Extreme events in the heliosphere that lead to anomalous muon flux variations, registered by the URAGAN muon hodoscope (MH), developed by MEPhI, are analyzed. MH measures two-dimensional muon flux intensity distribution functions (MFIDF) for a system of solid angles with a predefined sampling step, that are concatenated into matrix data time series of muonograms – the MFIDF outpur data from the MH. It can be assumed that the corresponding input MFIDF time series fall on the MH detectors. Assuming the MH linearity, input and output MFIDF are related by the hardware function (HF).
Occurrence of extreme events leads to occurrence of spatial and temporal MFIDF anomalousness in muonograms. Here, the task of development of the necessary mathematical tools for solving the problems of the mentioned extreme events is formulated, based on digital processing of muonogram time series.

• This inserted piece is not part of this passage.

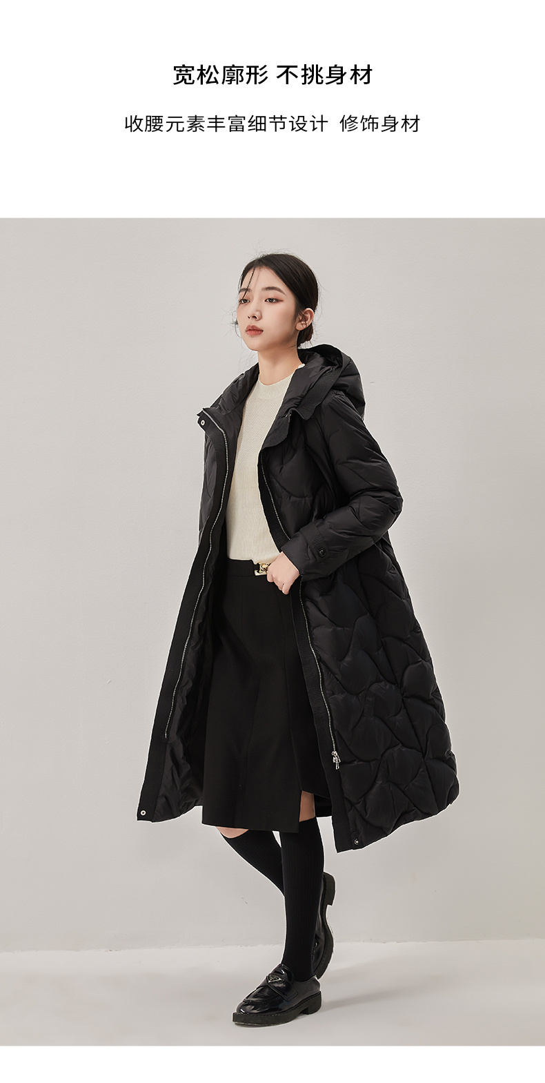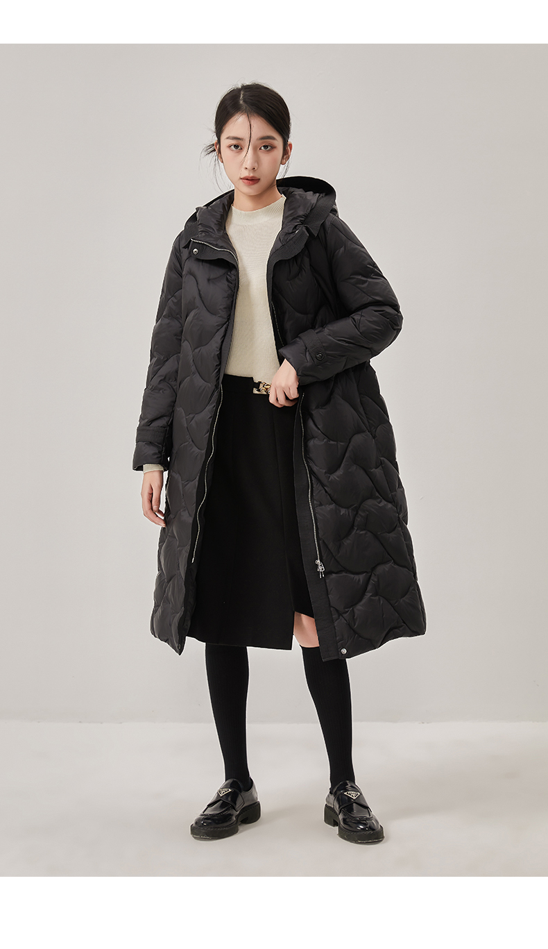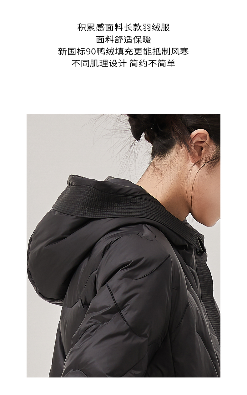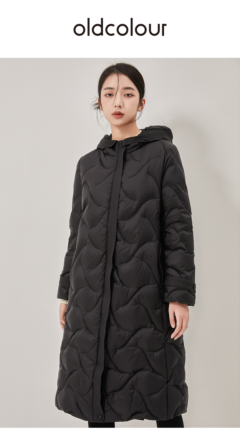 oldcolour冬季新款黑色气质立领连帽长款羽绒服女O43093358

The methods and algorithms propose here are divided into two categories. The first (supplementary) category includes one- and two-dimensional filtering algorithms for reducing temporal and spatial noises in muonograms, including elimination of daily variations, and the HF estimation algorithms. The second (main) category comprises the variants of anomalousness - local anisotropy (LA) - recognition methods for input MFIDF based on time series of muonograms.
To reduce noises in muonograms, the algorithms have been developed for one-dimensional sequential and parallel temporal and two-dimensional spatial filtering. A method has been developed for estimating the normalized HF for MH based on multiparameter models. The method has been tested on model and experimental muonograms.

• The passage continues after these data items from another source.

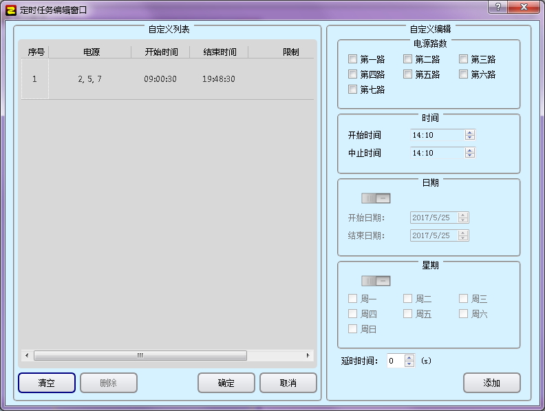II、定時(shí)管理:七路開(kāi)關(guān)任意綁定;年/月/日/星期限制條件可選;延時(shí)啟動(dòng)時(shí)間設置。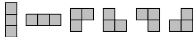 在可能持续数月的干旱期间,Sara 使用喷灌器来保持农作物的水分。她的每个喷灌器有三个喷嘴:一个主喷嘴和两个侧喷嘴。每个喷灌器恰好占据三个单元格,并为这三个单元格提供水源。侧喷嘴总是占据与主喷嘴相邻的两个单元格(上下左右)。因此,一个喷灌器总是处于以下配置之一: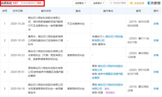 公开数据显示,密封科技近年来频繁陷入纠纷诉讼之中。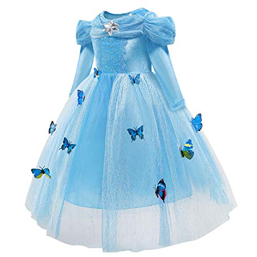 MYRISAM Ragazze Abito da Principessa Cenerentola Manica Lunga Costume di Carnevale Halloween Cosplay Feste in Maschera Natale Cerimonia Compleanno Partito Abito a Farfalla con Accessori 2-3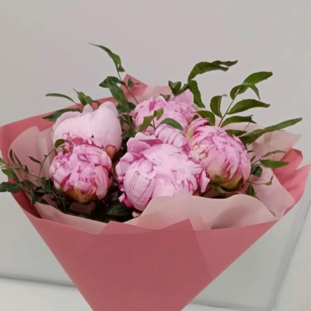 Эвкалипт – 3 шт.Лента атласная – 1 шт.Упаковка дизайнерская – 4 шт.пионы сара бернар – 5 шт.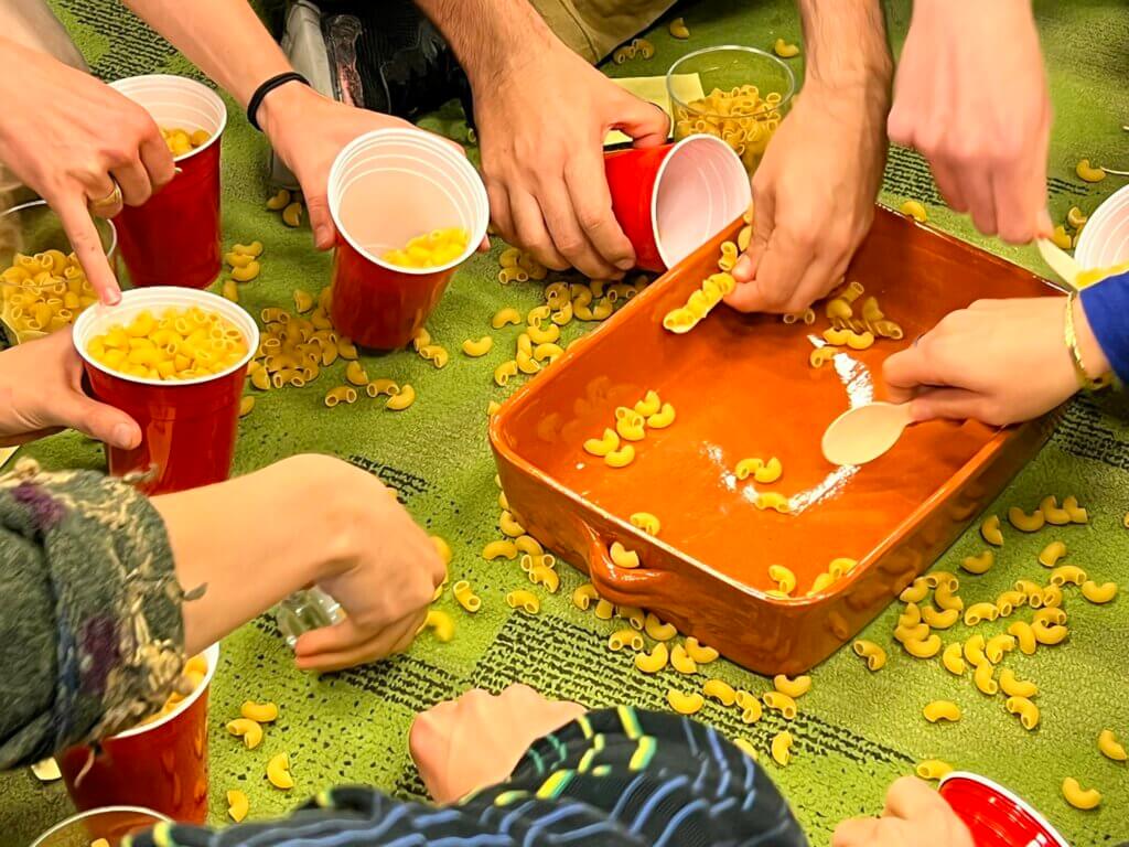 - Position all players (either on chairs or standing) around the central tub of macaroni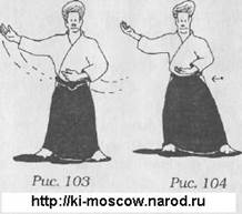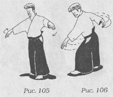 11. Саю ваза Как и в некоторых предыдущих упражнениях (Фунекоей ваза и Иккё, в которых вы двигались вперед), в Саю ваза, включающем боковое движение, также важно не двигать плечом, позволяя движению начаться от бедер, таким образом, чтобы Одна Точка была направляющей. Сперва раскачайте руки, как показано на рис. 101, потом, когда они полностью остановятся, завершите движением вбок, как на рис. 102. Чтобы сдвинуться, вам придется согнуть левое колено, при этом не приседая. Через некоторое время, тестированием с помощью толчка в правое плечо в направлении движения, проверьте, полностью ли расслаблены руки и правильна ли поза. Проделайте то же движение в обратном направлении (см. рис. 103, 104). Таким образом, все упражнение будет делиться на четыре фазы: 1) раскачивание рук влево, 2) движение бедрами влево, 3) раскачивание рук вправо, с возвращением бедер в исходную позицию, 4) движение вправо.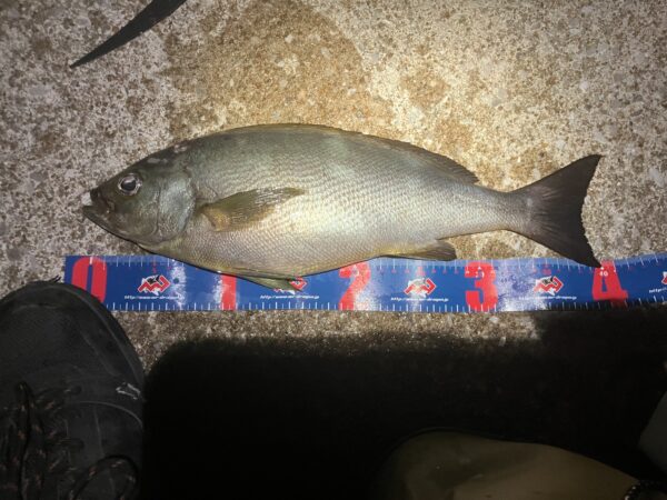 初日夜は雨上がりの活性に期待してサバの切り身でぶっこみ釣りをしました!途中でバラシもあったものの40cm近い伊佐木を釣り上げて満足な釣果となりました。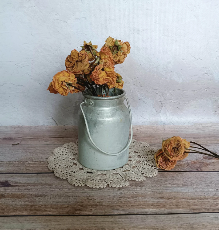 Handmade Stylish Aluminum Milk Canister Vintage Coastal Design Flower Vase Silver Base for Wedding Tabletop Display Centerpiece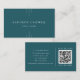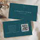 Cette simple carte de visite avec code QR de style Art Déco de la collection Everly présente un fond sarcelle foncé, une typographie parisienne raffinée et des accents de lignes blanches délicats.

A method has been proposed for LA analysis by estimating normalized variations (1) of input MFIDF with respect to normalized HFs, using spatial-temporal filtering. The method has been tested on model and experimental muonograms.
A method has been proposed for LA analysis by estimating normalized variations (2) of input MFIDF with respect to averaged output MFIDF, using spatial-temporal filtering. The method has been tested on model and experimental muonograms.
A method has been proposed for LA analysis in muonograms, based on calculation of confidence intervals systems for estimates of mathematical expectations of muonograms on reference and current confidence intervals. An algorithm is designed for LA analysis (recognition), based on decision making procedures. The algorithm has been tested on model and experimental muonograms.
The proposed digital processing is a mathematical toolkit, the effectiveness of which for the analysis of extreme events in the heliosphere has been confirmed by testing.
This work was funded by the Russian Science Foundation (project No. 17-17-01215).